**Data to use**
⁂

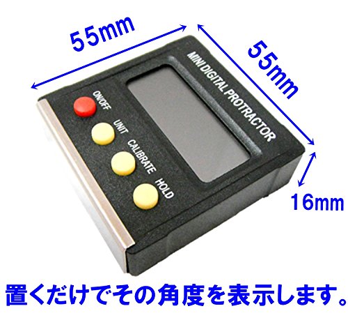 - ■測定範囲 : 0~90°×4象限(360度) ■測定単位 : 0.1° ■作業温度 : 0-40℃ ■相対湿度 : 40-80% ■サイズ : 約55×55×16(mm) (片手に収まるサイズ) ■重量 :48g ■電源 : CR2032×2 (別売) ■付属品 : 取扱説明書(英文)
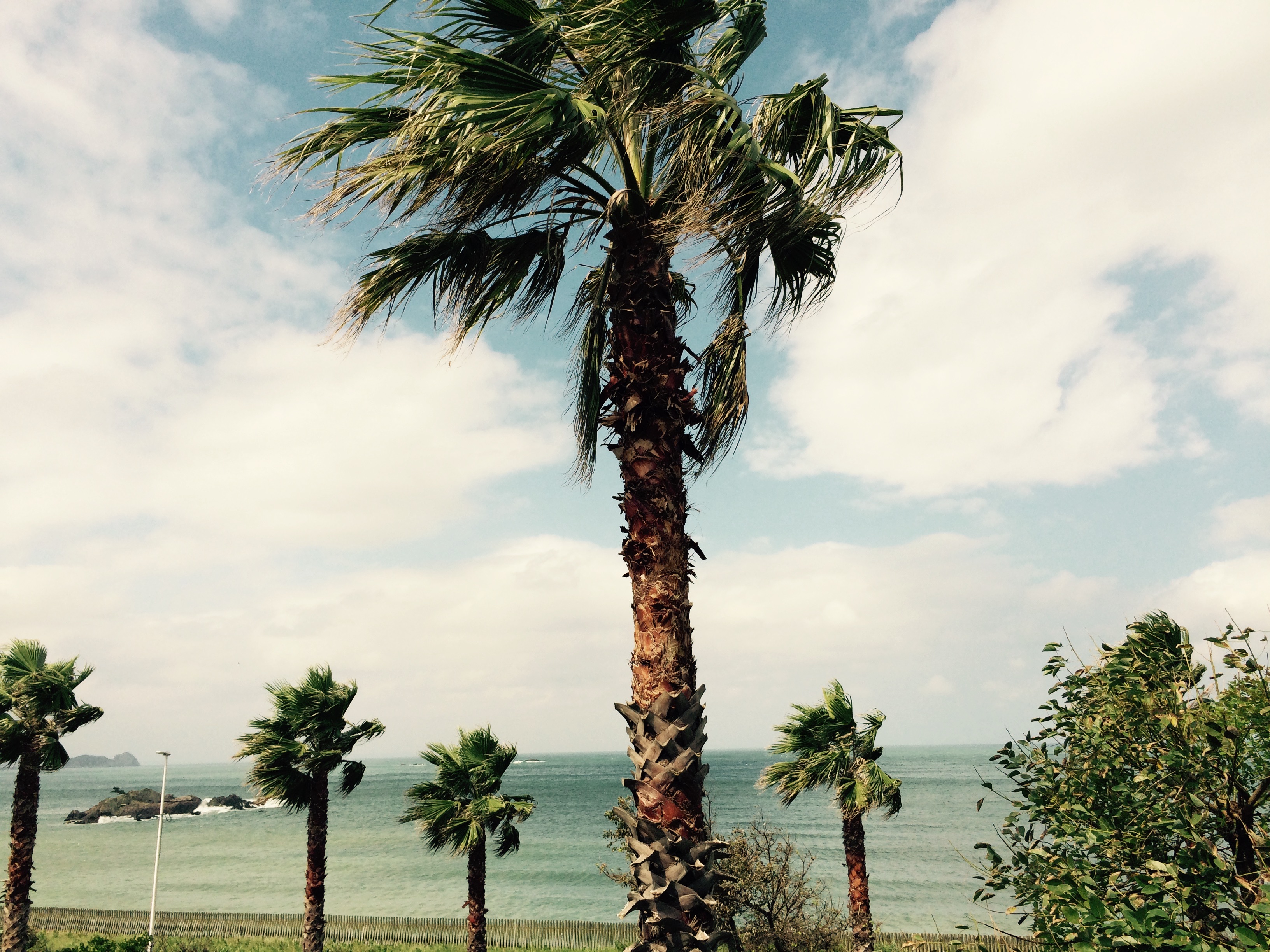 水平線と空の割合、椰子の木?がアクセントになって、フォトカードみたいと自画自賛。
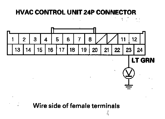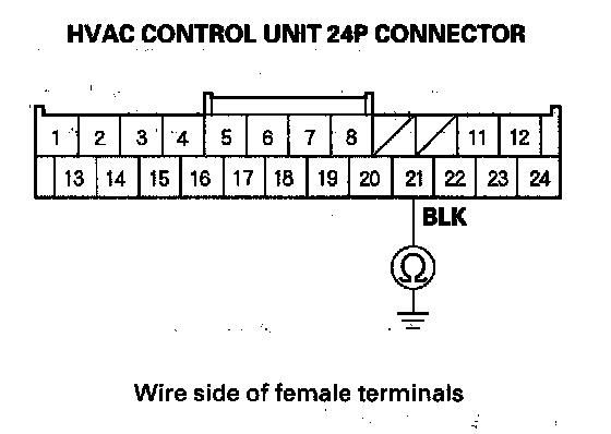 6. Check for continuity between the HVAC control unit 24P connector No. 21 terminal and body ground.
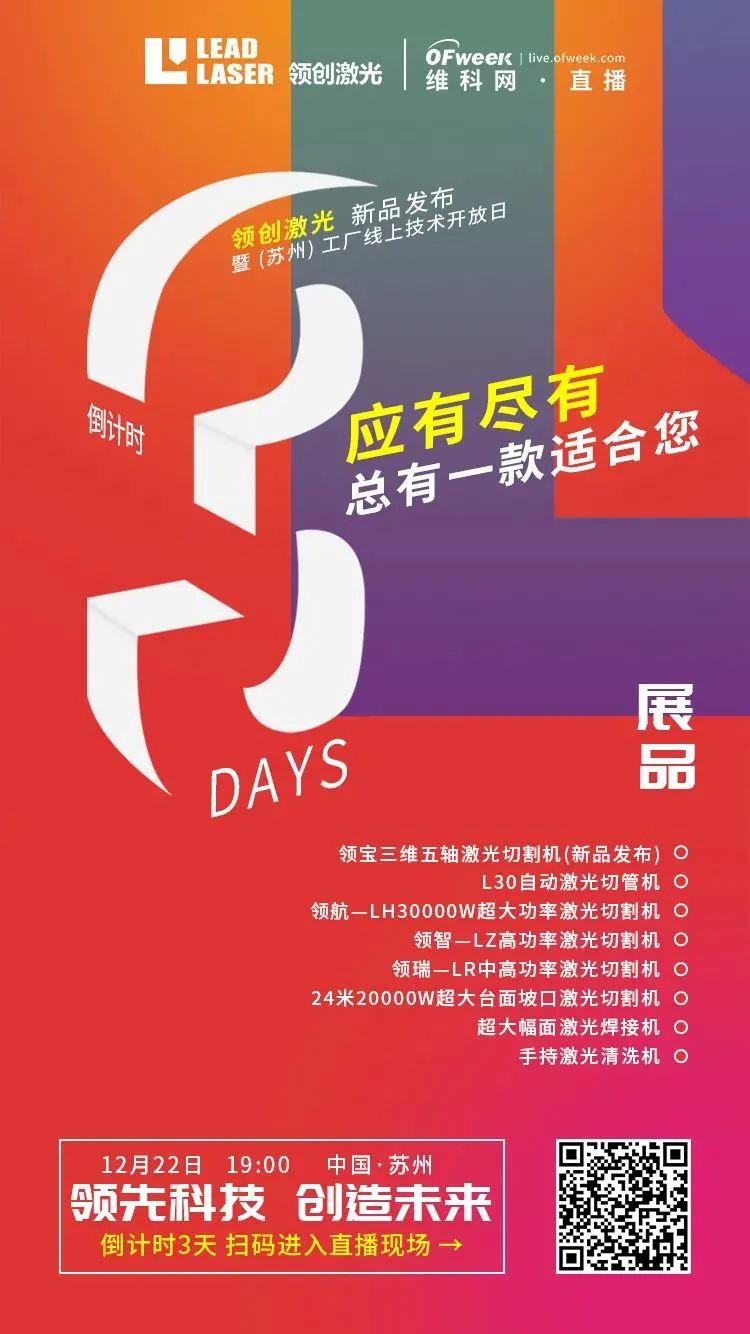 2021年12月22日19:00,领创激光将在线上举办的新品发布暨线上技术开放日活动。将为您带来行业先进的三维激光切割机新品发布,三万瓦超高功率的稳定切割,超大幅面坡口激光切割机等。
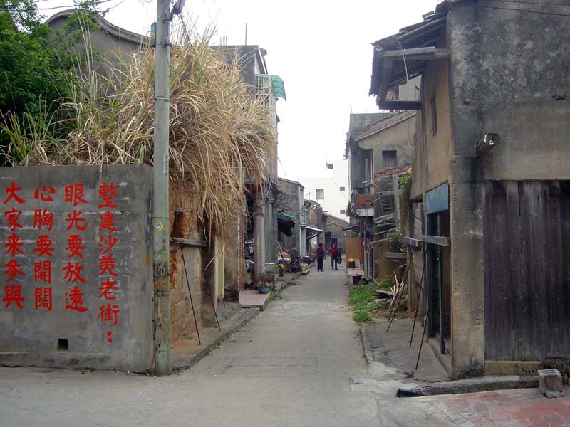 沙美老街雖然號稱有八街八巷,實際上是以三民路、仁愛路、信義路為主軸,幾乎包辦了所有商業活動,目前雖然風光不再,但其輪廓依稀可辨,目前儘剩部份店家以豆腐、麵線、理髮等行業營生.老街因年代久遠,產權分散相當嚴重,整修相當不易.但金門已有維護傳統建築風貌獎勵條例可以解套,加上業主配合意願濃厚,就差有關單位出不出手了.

⁂

**What you should do**
Output the material above exactly, without pictures.

**Solution to this task**
 - ■測定範囲 : 0~90°×4象限(360度) ■測定単位 : 0.1° ■作業温度 : 0-40℃ ■相対湿度 : 40-80% ■サイズ : 約55×55×16(mm) (片手に収まるサイズ) ■重量 :48g ■電源 : CR2032×2 (別売) ■付属品 : 取扱説明書(英文)
 水平線と空の割合、椰子の木?がアクセントになって、フォトカードみたいと自画自賛。
 6. Check for continuity between the HVAC control unit 24P connector No. 21 terminal and body ground.
 2021年12月22日19:00,领创激光将在线上举办的新品发布暨线上技术开放日活动。将为您带来行业先进的三维激光切割机新品发布,三万瓦超高功率的稳定切割,超大幅面坡口激光切割机等。
 沙美老街雖然號稱有八街八巷,實際上是以三民路、仁愛路、信義路為主軸,幾乎包辦了所有商業活動,目前雖然風光不再,但其輪廓依稀可辨,目前儘剩部份店家以豆腐、麵線、理髮等行業營生.老街因年代久遠,產權分散相當嚴重,整修相當不易.但金門已有維護傳統建築風貌獎勵條例可以解套,加上業主配合意願濃厚,就差有關單位出不出手了.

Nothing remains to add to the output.